Résumé de la décision
La Cour d'appel de Paris a rendu une ordonnance le 3 novembre 2022 concernant l'appel interjeté par M. [H] [I], de nationalité marocaine, contre une décision du juge des libertés et de la détention du tribunal judiciaire d'Évry. Ce dernier avait prolongé la rétention administrative de M. [H] pour une durée de vingt-huit jours. La Cour a déclaré l'appel irrecevable, considérant qu'il manquait de motivation et que les moyens avancés par l'appelant étaient infondés ou irrecevables.
Arguments pertinents
1. Irrecevabilité de l'appel : La Cour a statué que l'appel était manifestement irrecevable en raison de l'absence de motivation conforme aux exigences de l'article R. 743-11 du Code de l'entrée et du séjour des étrangers et du droit d'asile. Elle a précisé que les mentions stéréotypées ne peuvent pas remplacer une véritable motivation.
2. Moyens soulevés :
- Insuffisance de motivation : La Cour a rejeté le premier moyen, affirmant que le juge des libertés avait dûment motivé sa décision, rappelant que la procédure est orale devant le premier juge.
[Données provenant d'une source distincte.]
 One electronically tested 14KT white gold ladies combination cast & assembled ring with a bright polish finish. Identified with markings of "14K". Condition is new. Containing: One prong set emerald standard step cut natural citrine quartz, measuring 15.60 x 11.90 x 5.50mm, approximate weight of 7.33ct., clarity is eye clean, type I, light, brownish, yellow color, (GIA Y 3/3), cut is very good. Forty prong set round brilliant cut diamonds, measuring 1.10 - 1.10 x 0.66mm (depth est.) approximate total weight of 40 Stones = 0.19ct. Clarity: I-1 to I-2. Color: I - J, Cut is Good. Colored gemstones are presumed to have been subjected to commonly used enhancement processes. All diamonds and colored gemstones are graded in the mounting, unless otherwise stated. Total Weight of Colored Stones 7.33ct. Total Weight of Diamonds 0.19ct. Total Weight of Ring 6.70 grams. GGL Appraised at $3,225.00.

- Absence de diligence : Le deuxième moyen a été jugé infondé, car les diligences ne sont exigibles qu'à partir du placement en rétention.
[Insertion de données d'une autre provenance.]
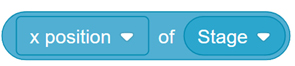 In the current version 3.0 the block does not have the "x position" possibility on the left side when the Stage is selected on the right. Instead you will probably see it as shown below, or some other combination.
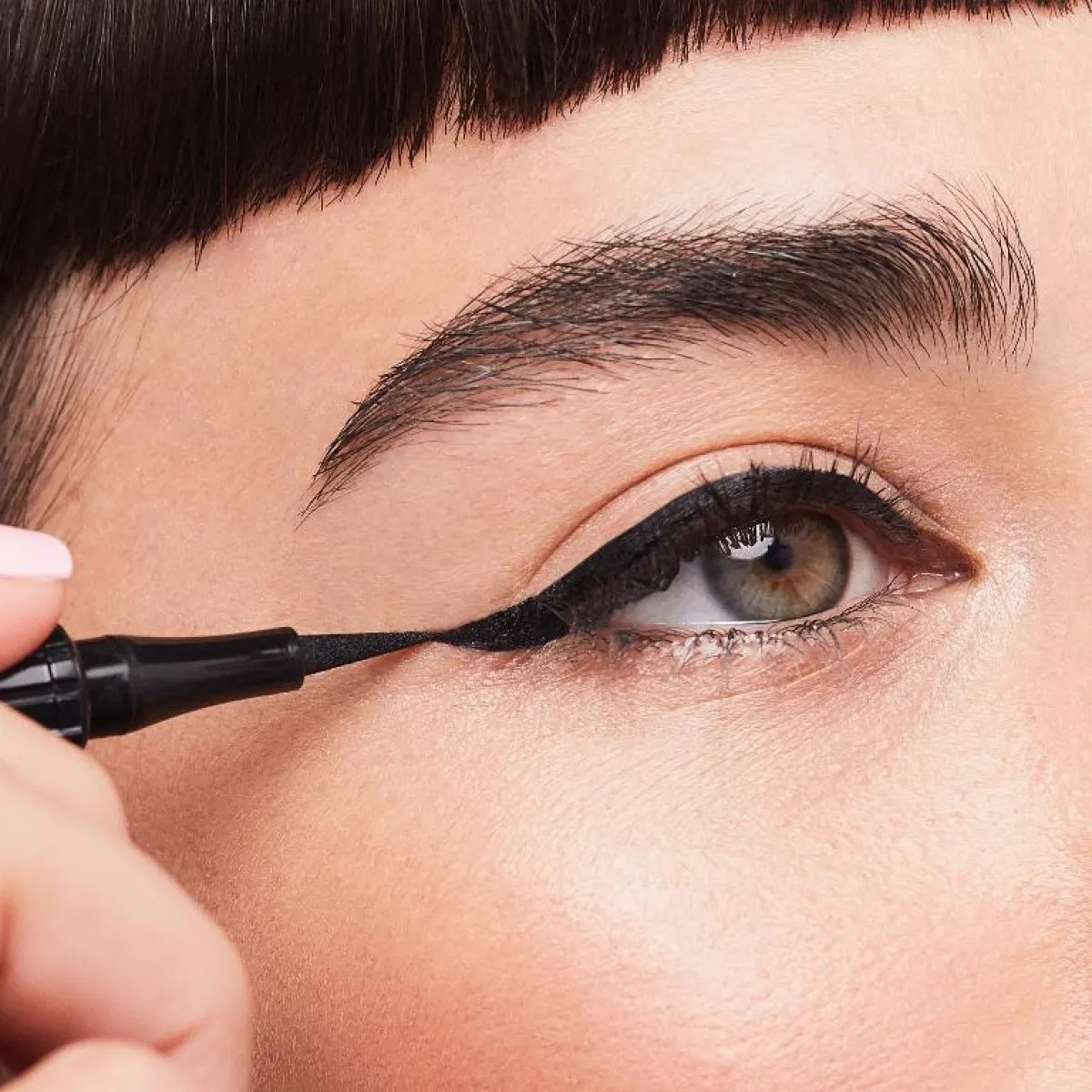 4. الآن وقد انتهينا من تحديد الحاجبين، فلننتقل إلى الآيلاينر! تناولي آيلاينر Roller Liner السائل واستمتعي باستخدامه! تقنيّة التطبيق سهلة للغاية، ما عليكِ سوى البدء برسم الخط المحدد للعين من منتصف خط الرموش إلى الخارج، ثمّ من زاوية العين الداخلية حتى منتصف خط الرموش. بهذه الطريقة ستحصلين على خطّ آيلاينر دقيق ومحدّد تمامًا كما حاجبيك!
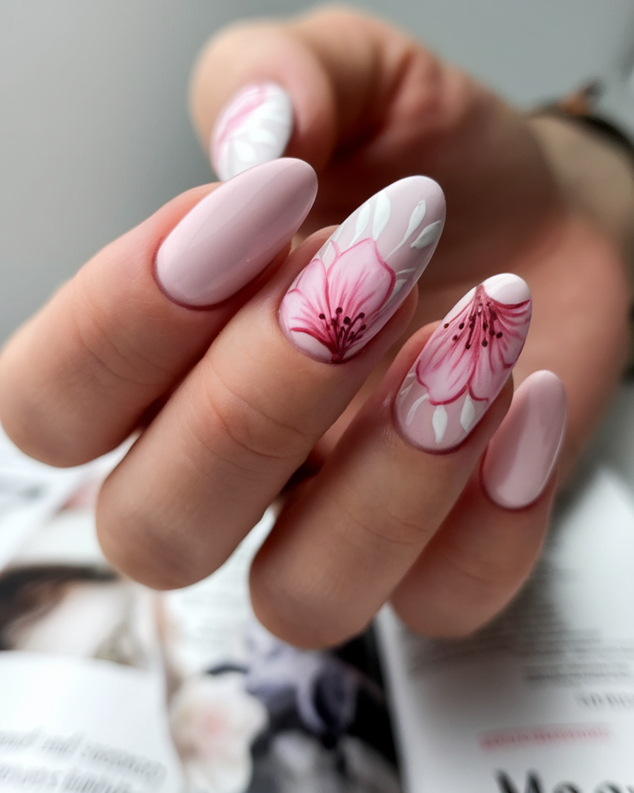 This delicate designs almond set features soft pink acrylic nails with a combination of solid and floral designs. The simple classy elegant touch of hand-painted flowers on a sheer white base makes this look fresh and feminine. The soft pastel color complements various outfits, making it a great inspo for spring. The subtle gloss finish enhances the beauty of this simple yet detailed artwork.

- Consultation des fichiers : Le troisième moyen a été déclaré irrecevable, car il n'était pas qualifié en fait, la désignation de l'agent habilité à consulter le FAED étant dûment mentionnée.
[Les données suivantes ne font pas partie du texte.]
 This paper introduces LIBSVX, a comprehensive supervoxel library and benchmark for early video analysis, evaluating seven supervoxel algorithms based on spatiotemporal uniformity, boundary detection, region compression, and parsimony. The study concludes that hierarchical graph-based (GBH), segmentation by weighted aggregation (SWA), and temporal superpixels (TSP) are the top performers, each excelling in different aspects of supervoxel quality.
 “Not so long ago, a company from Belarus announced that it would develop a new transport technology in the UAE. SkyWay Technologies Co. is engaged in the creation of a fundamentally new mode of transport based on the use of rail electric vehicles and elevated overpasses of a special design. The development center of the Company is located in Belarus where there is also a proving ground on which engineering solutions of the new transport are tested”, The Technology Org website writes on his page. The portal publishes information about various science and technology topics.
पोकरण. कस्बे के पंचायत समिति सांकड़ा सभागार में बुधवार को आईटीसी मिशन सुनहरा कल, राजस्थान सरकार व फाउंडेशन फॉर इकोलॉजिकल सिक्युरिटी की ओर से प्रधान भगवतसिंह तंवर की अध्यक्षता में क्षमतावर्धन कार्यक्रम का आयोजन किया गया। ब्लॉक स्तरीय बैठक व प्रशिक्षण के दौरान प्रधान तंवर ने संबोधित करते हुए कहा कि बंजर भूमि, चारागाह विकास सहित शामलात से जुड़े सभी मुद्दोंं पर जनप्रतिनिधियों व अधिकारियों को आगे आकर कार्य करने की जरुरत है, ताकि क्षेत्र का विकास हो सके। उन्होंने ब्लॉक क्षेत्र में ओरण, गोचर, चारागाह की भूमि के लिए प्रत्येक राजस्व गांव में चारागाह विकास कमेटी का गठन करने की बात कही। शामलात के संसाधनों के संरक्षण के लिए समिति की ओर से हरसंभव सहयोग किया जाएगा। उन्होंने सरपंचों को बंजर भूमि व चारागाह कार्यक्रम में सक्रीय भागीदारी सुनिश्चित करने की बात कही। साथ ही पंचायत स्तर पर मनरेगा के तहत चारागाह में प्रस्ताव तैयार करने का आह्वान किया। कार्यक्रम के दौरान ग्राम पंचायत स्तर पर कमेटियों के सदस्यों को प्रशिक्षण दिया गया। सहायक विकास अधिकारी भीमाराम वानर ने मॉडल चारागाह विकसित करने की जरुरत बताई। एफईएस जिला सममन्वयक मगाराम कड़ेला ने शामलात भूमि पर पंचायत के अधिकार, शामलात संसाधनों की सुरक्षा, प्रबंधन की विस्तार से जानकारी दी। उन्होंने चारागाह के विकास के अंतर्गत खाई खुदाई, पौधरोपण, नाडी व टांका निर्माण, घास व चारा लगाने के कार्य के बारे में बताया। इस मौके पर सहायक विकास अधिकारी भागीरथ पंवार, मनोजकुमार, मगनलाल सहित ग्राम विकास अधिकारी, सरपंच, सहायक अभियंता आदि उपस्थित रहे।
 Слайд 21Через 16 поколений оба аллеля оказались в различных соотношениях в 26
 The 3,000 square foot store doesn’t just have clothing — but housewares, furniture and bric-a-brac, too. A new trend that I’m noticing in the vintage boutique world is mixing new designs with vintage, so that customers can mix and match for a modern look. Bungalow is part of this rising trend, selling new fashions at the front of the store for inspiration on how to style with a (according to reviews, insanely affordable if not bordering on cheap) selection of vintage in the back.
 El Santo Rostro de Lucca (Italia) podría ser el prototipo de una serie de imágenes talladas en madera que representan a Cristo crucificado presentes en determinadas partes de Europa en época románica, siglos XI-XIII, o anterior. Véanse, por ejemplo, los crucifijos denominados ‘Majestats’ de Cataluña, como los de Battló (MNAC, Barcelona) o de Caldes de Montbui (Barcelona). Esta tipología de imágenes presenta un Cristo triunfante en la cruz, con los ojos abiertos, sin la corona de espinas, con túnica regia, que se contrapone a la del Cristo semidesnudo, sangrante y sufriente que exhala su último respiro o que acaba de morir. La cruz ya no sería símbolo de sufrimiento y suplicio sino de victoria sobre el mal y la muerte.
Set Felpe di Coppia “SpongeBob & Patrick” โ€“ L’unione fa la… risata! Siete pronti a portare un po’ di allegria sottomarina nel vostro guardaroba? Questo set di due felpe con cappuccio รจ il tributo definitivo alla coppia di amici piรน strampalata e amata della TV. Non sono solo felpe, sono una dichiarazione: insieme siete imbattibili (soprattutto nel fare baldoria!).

- Interprétariat par téléphone : Le quatrième moyen a été jugé irrecevable, car il n'avait pas été soutenu en première instance.
Interprétations et citations légales
La décision s'appuie sur plusieurs articles du Code de l'entrée et du séjour des étrangers et du droit d'asile :
- Code de l'entrée et du séjour des étrangers et du droit d'asile - Article R. 743-11 : Cet article stipule que l'appel doit être formé par une déclaration motivée. La Cour a souligné que l'absence de motivation adéquate rend l'appel irrecevable.
- Code de l'entrée et du séjour des étrangers et du droit d'asile - Article L. 743-23 : Cet article permet le rejet d'un appel manifestement irrecevable sans convocation préalable des parties. La Cour a jugé qu'il était dans l'intérêt d'une bonne administration de la justice de faire application de cet article.
La Cour a également fait référence à l'article 74 du Code de procédure civile, qui stipule que les moyens non soulevés en première instance sont irrecevables, justifiant ainsi le rejet du quatrième moyen concernant l'interprétariat.
En conclusion, la décision de la Cour d'appel de Paris illustre l'importance de la motivation dans les appels en matière de rétention administrative et souligne les exigences procédurales strictes qui doivent être respectées par les appelants.